I remembered reading a thread where someone said they dealt had with their's sticking. He disassembled it, cleaned it up and all was good. So I figured Id give it a go.
Pulled the manifold out








Pulled the relays with the upper rubber/wiring portion off the lower manifold portion. You sort of have to jiggle them around to get them off the lower brass washers.








I just used a microfiber and wiped everything down, didn't see anything that would've caused it to stick.
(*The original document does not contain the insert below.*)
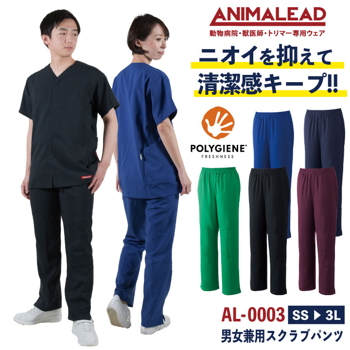 [即日出荷] アニマリード スクラブパンツ ANIMALEAD 獣医師 トリマー 動物病院 ペットショップ チームスクラブ 白衣 男性 女性 兼用 チトセ ストレッチ ct-al0003

I contacted accuair and they said not to lubricate anything, so I just wiped the poppets and orings down








The hardest part reassembling the manifold was lining all the fitted brass washers to the relays.
Put everything back in and the acuuair vu4 is back to normal, super responsive


----------



## vdubbin4life6 (Jan 22, 2005)

im experiencing similar issues. However sometimes mine is random and wont air up different corners. I may try what you did to see what I get.


----------



## kilimats (Mar 5, 2006)

thx for sharing this tip :thumbup:


----------



## mdubcajka12 (Aug 7, 2006)

good tip. 

my question. where did you get those elbows and connections for your dakota digital senders to connect them to your VU4?


----------



## joeyvdubGLI (Jan 12, 2006)

Bookmarked, thanks man! :thumbup:

I haven't had to take it this far yet, but have experienced the sticking momentarily before.


----------



## .:Hinrichs:. (Apr 26, 2010)

I had the same problem when I had my cabrio....called accuair and they sent me new popits and a wrench for them


----------



## veeko (Oct 26, 2005)

.:Hinrichs:. said:


> I had the same problem when I had my cabrio....called accuair and they sent me new popits and a wrench for them


same for me as well. i believe there was a revision to the popits. just give them a shout and they'll have them out to you in no time.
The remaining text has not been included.